## Task details
All of the records below must be reproduced exactly, minus any pictures.

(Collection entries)
--- START ---

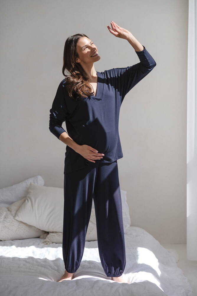 Moon bambusowa bluzka od piżamy ciążowej do karmienia długi rękaw Milk&Love granatowy
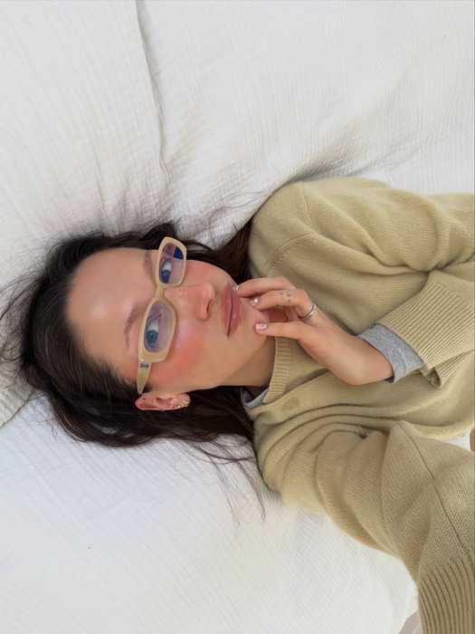 뿔테는 무거운 컬러보다는 투명한 느낌이 나는 컬러를 선택하세요. 지적인 이미지와 모던한 감각을 동시에 잡을 수 있을거에요. 특히 샴페인 크리스탈, 라이트 앰버, 세이지그린 같은 맑은 느낌의 컬러 중 너무 얇지도 두껍지도 않은 적당한 볼륨감의 프레임이 이목구비를 살려줘요.
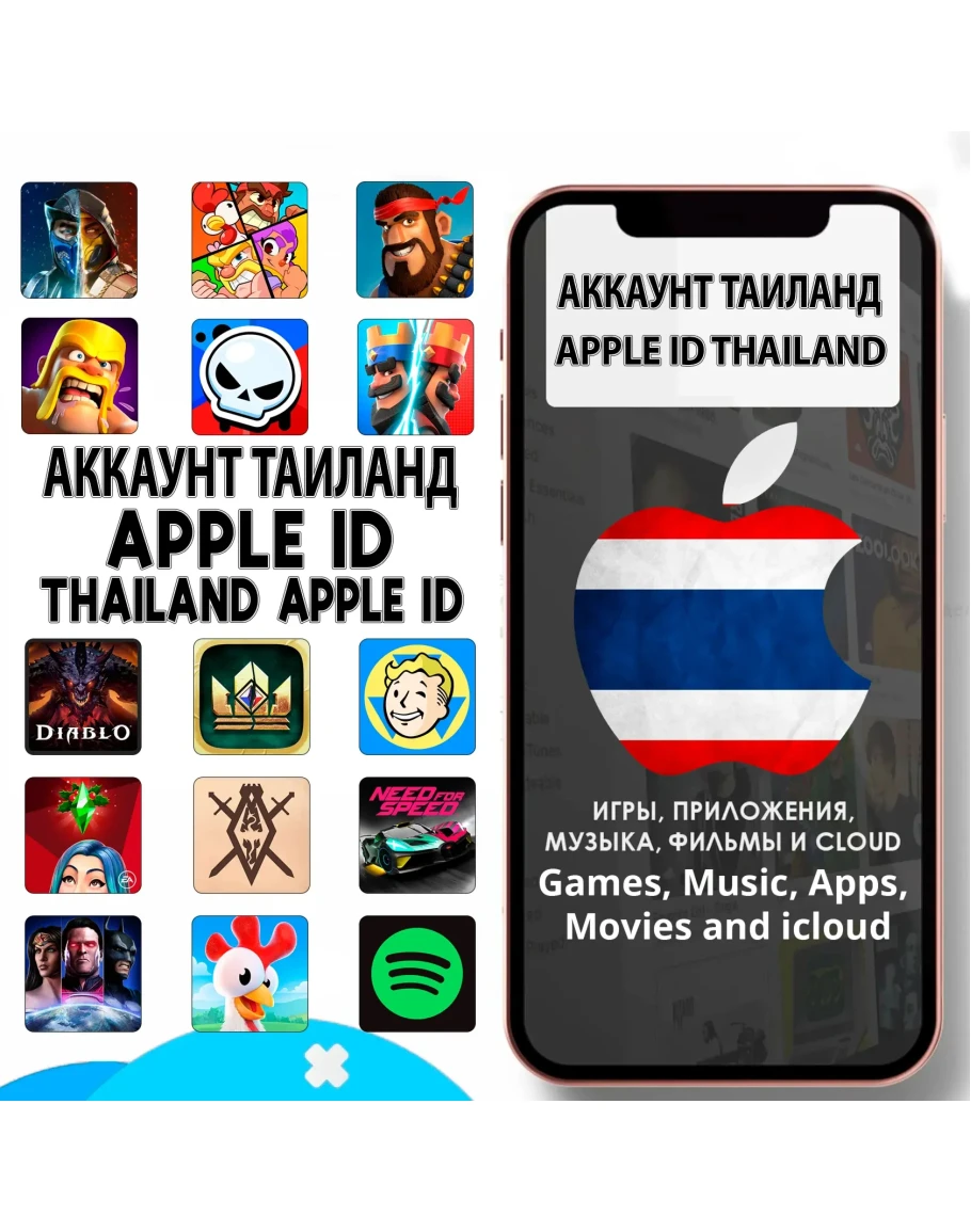 🟢 После покупки данного товара мы вы получаете личный Apple id (Аккаунт AppStore) для личного пользования на стране ТАИЛАНД. Данный аккаунт передается в ваше управление и вы сможете сменить от него пароль, дату рождения, контрольные вопросы.
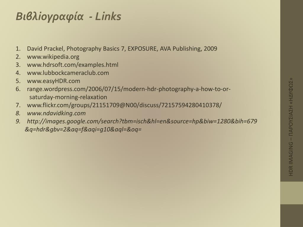 Βιβλiογραφία - Links • David Prackel, Photography Basics 7, EXPOSURE, AVA Publishing, 2009 • www.wikipedia.org • www.hdrsoft.com/examples.html • www.lubbockcameraclub.com • www.easyHDR.com • range.wordpress.com/2006/07/15/modern-hdr-photography-a-how-to-or- • saturday-morning-relaxation • www.flickr.com/groups/21151709@N00/discuss/72157594280410378/ • www.ndavidking.com • http://images.google.com/search?tbm=isch&hl=en&source=hp&biw=1280&bih=679 • &q=hdr&gbv=2&aq=f&aqi=g10&aql=&oq= HDR IMAGING – ΠΑΡΟΥΣΙΑΣΗ «ΗΔΥΦΩΣ»
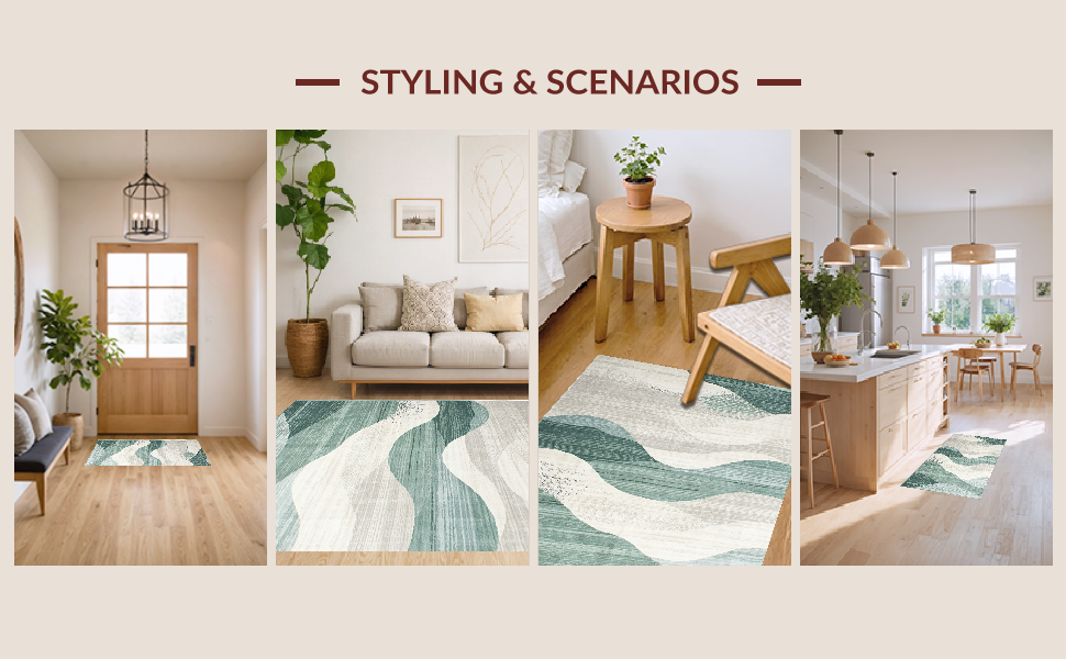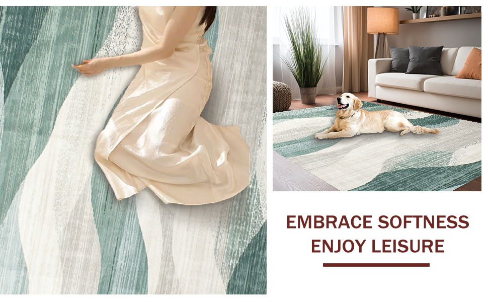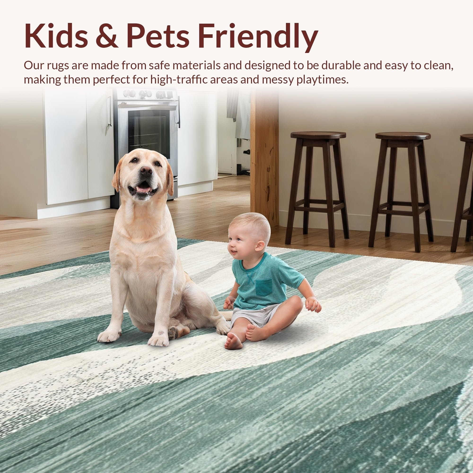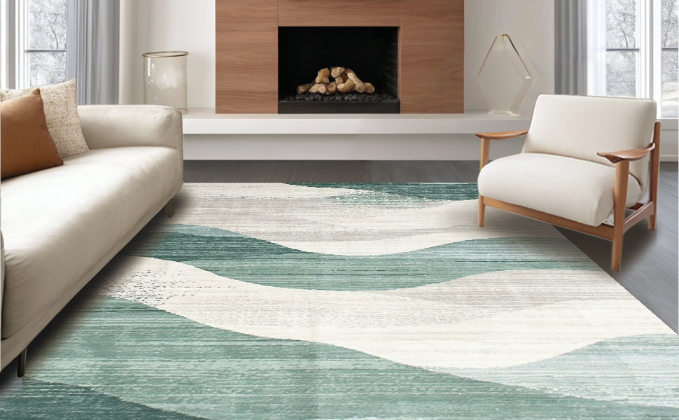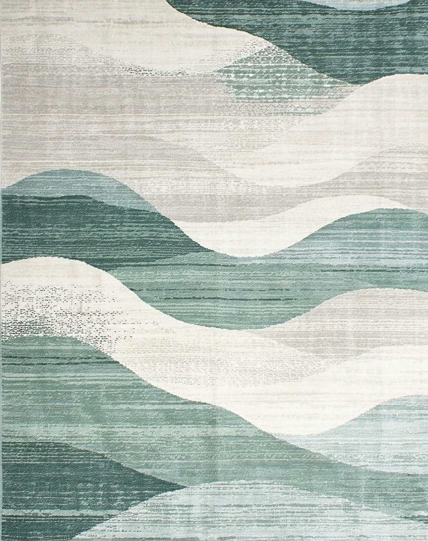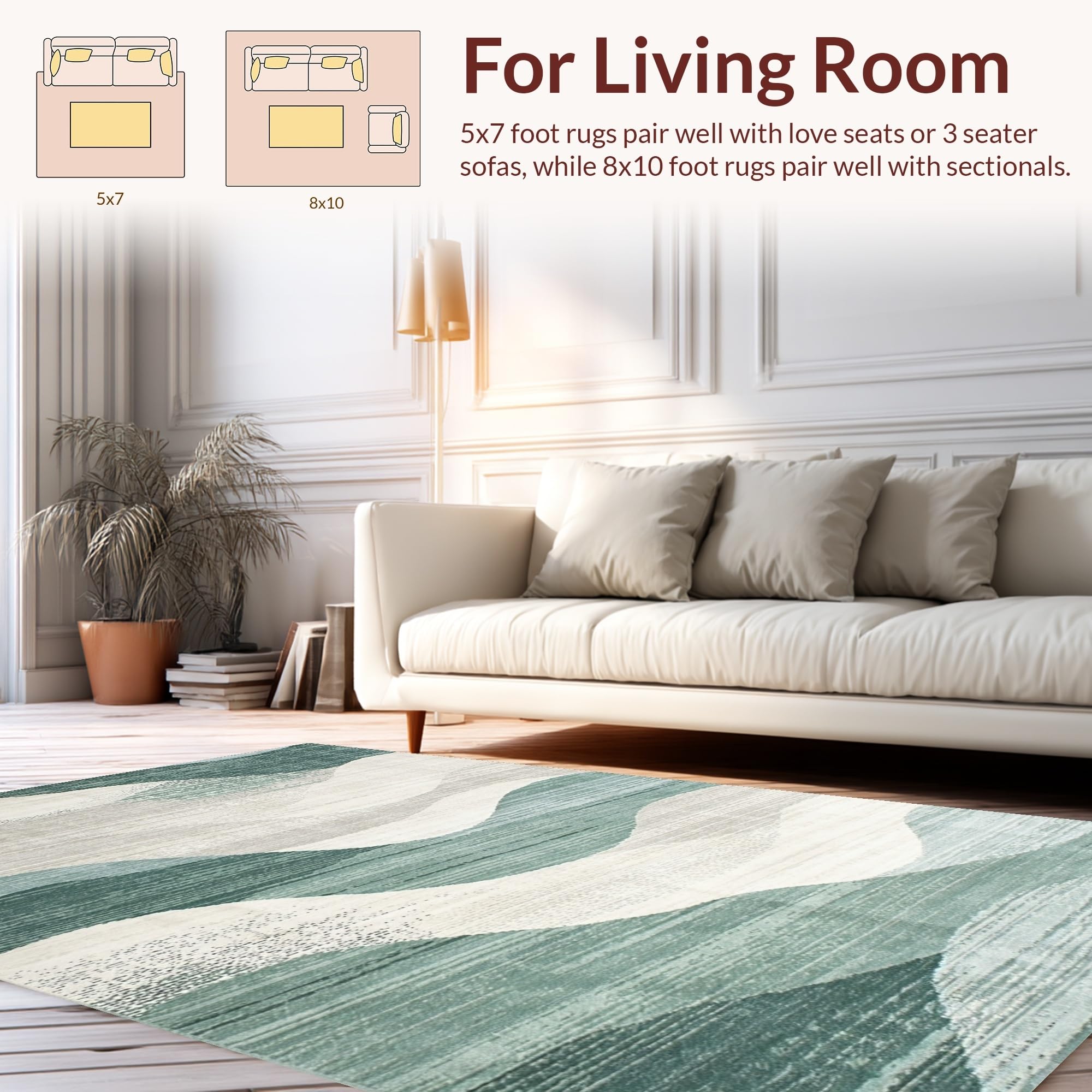 Ultra Soft Area Rug, Non Slip, Stain Resistant, Washable Area Rugs for Living Room, Bedroom, Chic Cream and Green Fluid Motif(Gray) Overview:

--- END ---

## Exercise output
 Moon bambusowa bluzka od piżamy ciążowej do karmienia długi rękaw Milk&Love granatowy
 뿔테는 무거운 컬러보다는 투명한 느낌이 나는 컬러를 선택하세요. 지적인 이미지와 모던한 감각을 동시에 잡을 수 있을거에요. 특히 샴페인 크리스탈, 라이트 앰버, 세이지그린 같은 맑은 느낌의 컬러 중 너무 얇지도 두껍지도 않은 적당한 볼륨감의 프레임이 이목구비를 살려줘요.
 🟢 После покупки данного товара мы вы получаете личный Apple id (Аккаунт AppStore) для личного пользования на стране ТАИЛАНД. Данный аккаунт передается в ваше управление и вы сможете сменить от него пароль, дату рождения, контрольные вопросы.
 Βιβλiογραφία - Links • David Prackel, Photography Basics 7, EXPOSURE, AVA Publishing, 2009 • www.wikipedia.org • www.hdrsoft.com/examples.html • www.lubbockcameraclub.com • www.easyHDR.com • range.wordpress.com/2006/07/15/modern-hdr-photography-a-how-to-or- • saturday-morning-relaxation • www.flickr.com/groups/21151709@N00/discuss/72157594280410378/ • www.ndavidking.com • http://images.google.com/search?tbm=isch&hl=en&source=hp&biw=1280&bih=679 • &q=hdr&gbv=2&aq=f&aqi=g10&aql=&oq= HDR IMAGING – ΠΑΡΟΥΣΙΑΣΗ «ΗΔΥΦΩΣ»
 Ultra Soft Area Rug, Non Slip, Stain Resistant, Washable Area Rugs for Living Room, Bedroom, Chic Cream and Green Fluid Motif(Gray) Overview:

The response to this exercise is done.